Don’t be fooled by claims that the new measure is just about education. As one representative of the “yes” campaign noted in a September 1 e-mail, the measure (which advocates are calling Savings Accounts for Education) would “relieve pressure on higher education, health care, transportation and other core services.” In other words, because the new taxes go to education, the legislature can transfer other funds from education to whatever it wants. …
On October 14, Fox 31 News interviewed me about the measure.
As we know, this story had a happy outcome, as 59 was defeated at the polls.
Faith-Based Politics
I spent a great deal of time this election season fighting Amendment 48, which was trounced. But that measure is only one aspect of the broader threat I see coming from the religious right.

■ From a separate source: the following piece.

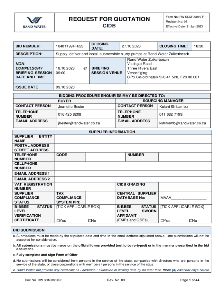 REQUEST FOR QUOTATION CIDBCLOSING DATE:Form No: RW SCM 00019 F Revision No: 03 Effective Date: 31 Jan 2023BID NUMBER:10401199RR/23DESCRIPTION:Supply, deliver and install submersible slurry pumps at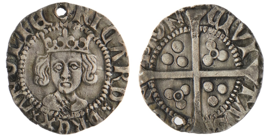 England. Plantagenets. Richard II (1377-1399). Penny. 0.7 gms. Crowned bust facing with bushy hair; RICARD (trefoil) D.REX x ANGLIE, rev Long cross, pellet triplet in each angle, annulet at center of two of the triplets. S.1689var. Rare. Holed at 12:00. Toned. Near Extremely Fine.

On September 11, Boulder Weekly published my article, “With Palin, McCain ignores Colorado Warning.” (It turns out I was right about that.)

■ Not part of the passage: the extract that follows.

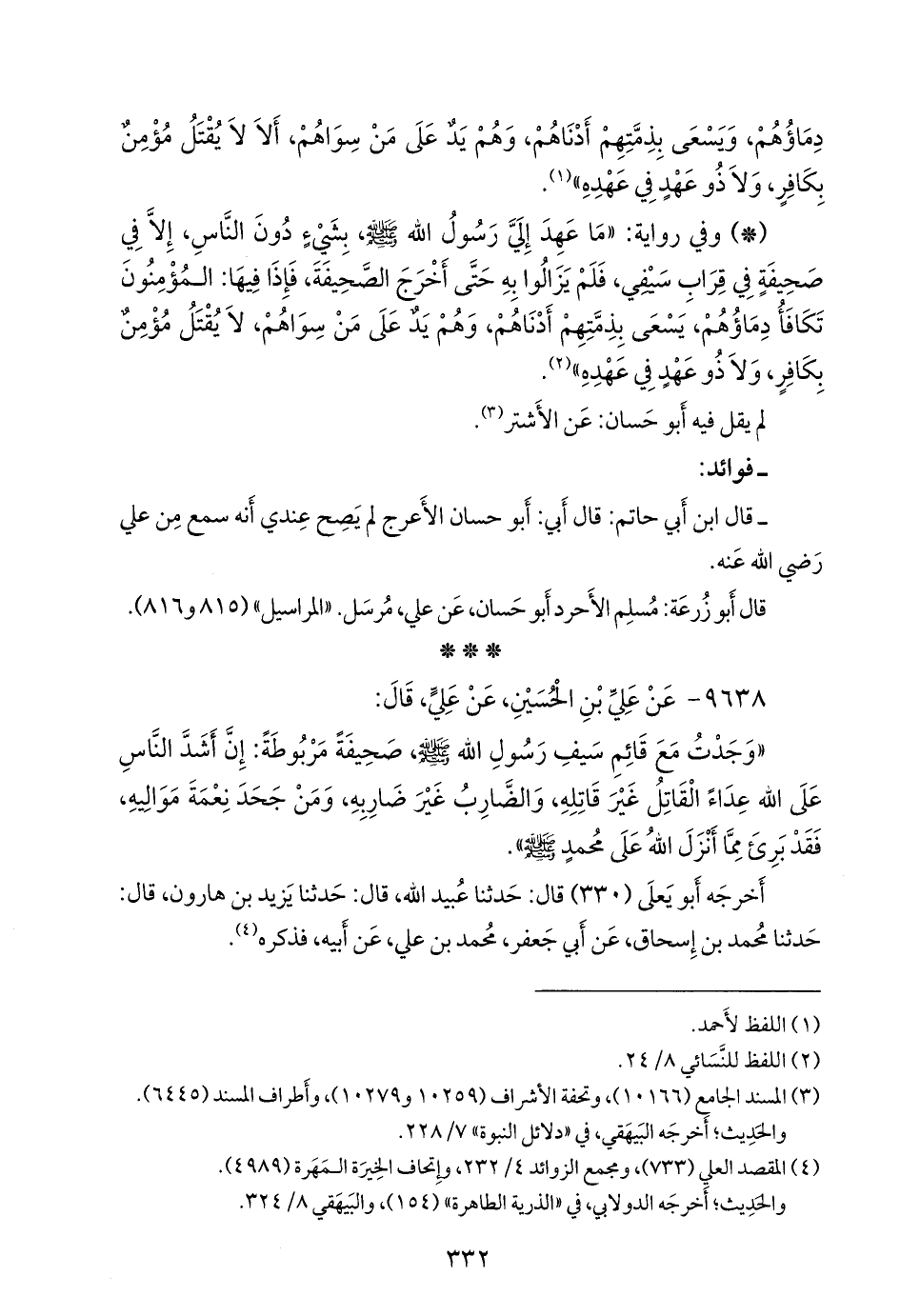 «وجدت مع قائم سيف رسول الله صَلى الله عَليه وسَلم صحيفة مربوطة: إن أشد الناس على الله عداء القاتل غير قاتله، والضارب غير ضاربه، ومن جحد نعمة مواليه، فقد برئ مما أنزل الله على محمد صَلى الله عَليه وسَلم».

On September 23, the Pagosa Daily Post published my piece, “Amendment 48 Smoke Screen.”
Diana Hsieh did the heavy lifting for an article of ours published in the October 9 Boulder Weekly, “Abortion and Abolition”
Against the Bailout
I’ve written quite a lot about the bailout on my web page. On October 13, the Rocky published my letter:
… The Depression was set off by the federal controls of the Hoover administration, but “FDR’s economic policies made the Great Depression much worse” and “caused it to last much longer than it otherwise would have,” economist Thomas DiLorenzo writes in his history of American capitalism. We have more to fear from new, misguided federal controls than we do from the existing crisis. …
Harry Potter
I remain pleased with my September 14 Speakout, “Lessons for U.S. politicians from the Hogwarts School of Witchcraft and Wizardry.”

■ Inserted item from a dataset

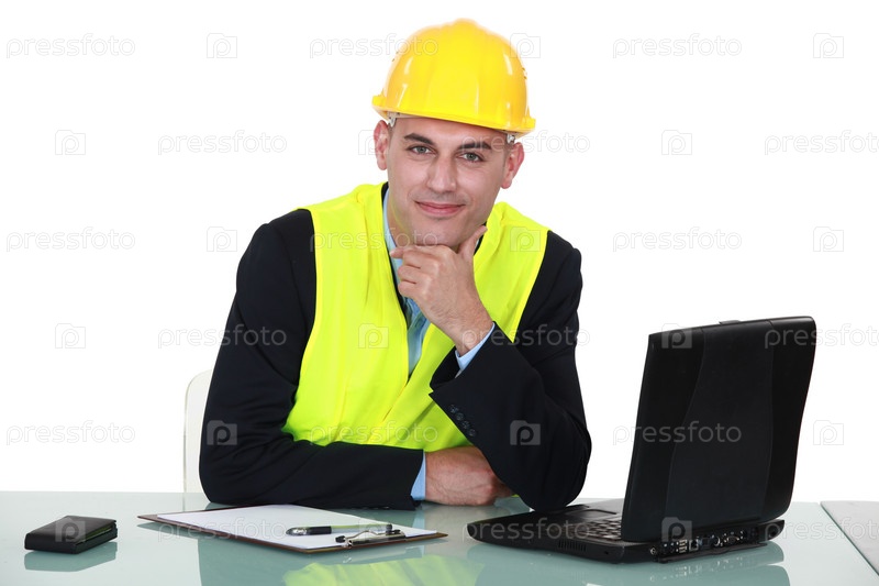 Инженер сидит с ноутбуком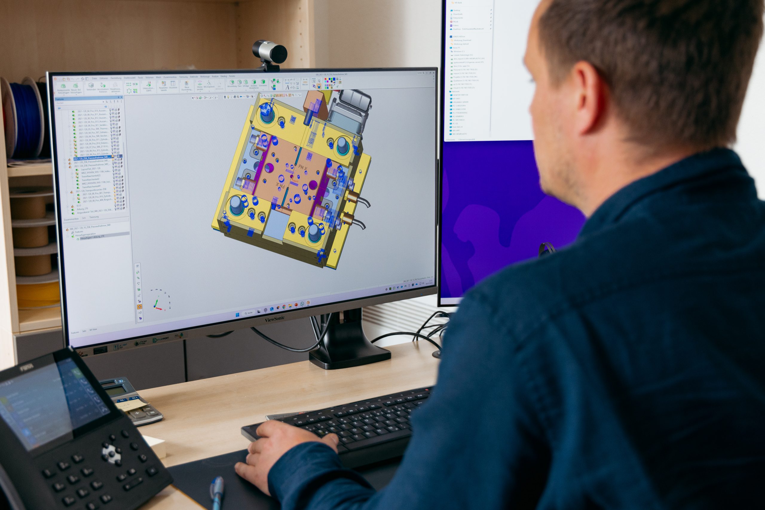 Am Anfang steht die Idee. Gemeinsam mit unseren Kunden prüfen wir die Anforderungen an das Bauteil und entwickeln daraus ein passendes Werkzeugkonzept. Mit CAD/CAM-gestützter Konstruktion und viel Erfahrung schaffen wir die Grundlage für eine wirtschaftliche und präzise Fertigung.

Then, on September 28, 9News broadcast a version of the piece.
On October 28, Westword’s web page featured an interview between Joel Warner and me.
Warner writes:
No one is off limits from the cerebral scrutiny of local political writer Ari Armstrong. On his FreeColorado.com blog, he smacked down the liberal website ProgressNow for its hypocritical stance on the word “bitch-slapped.” Lately right-wingers, too, have been feeling his highbrow wrath, thanks to columns he’s published online and in newspapers arguing against GOP faith-based politics and the right-to-work issue on the November ballot. Armstrong was once a member of the Colorado Libertarian Party, but now the only thing he swears allegiance to is Ayn Rand’s objectivism philosophy. That means he’s all about the protection of individuals’ rights and the promotion of economic and religious freedom — and he aims his weighty pen at anything contrary to these ideals.
Those interested in my book, Values of Harry Potter, should see its web page.
Election 2008
On election night, I joined a webcast from CBS News 4 to discuss the election. The station has posted the 37 minute segment online.
It was an eventful year, and I feel I did my bit to spread the word about liberty.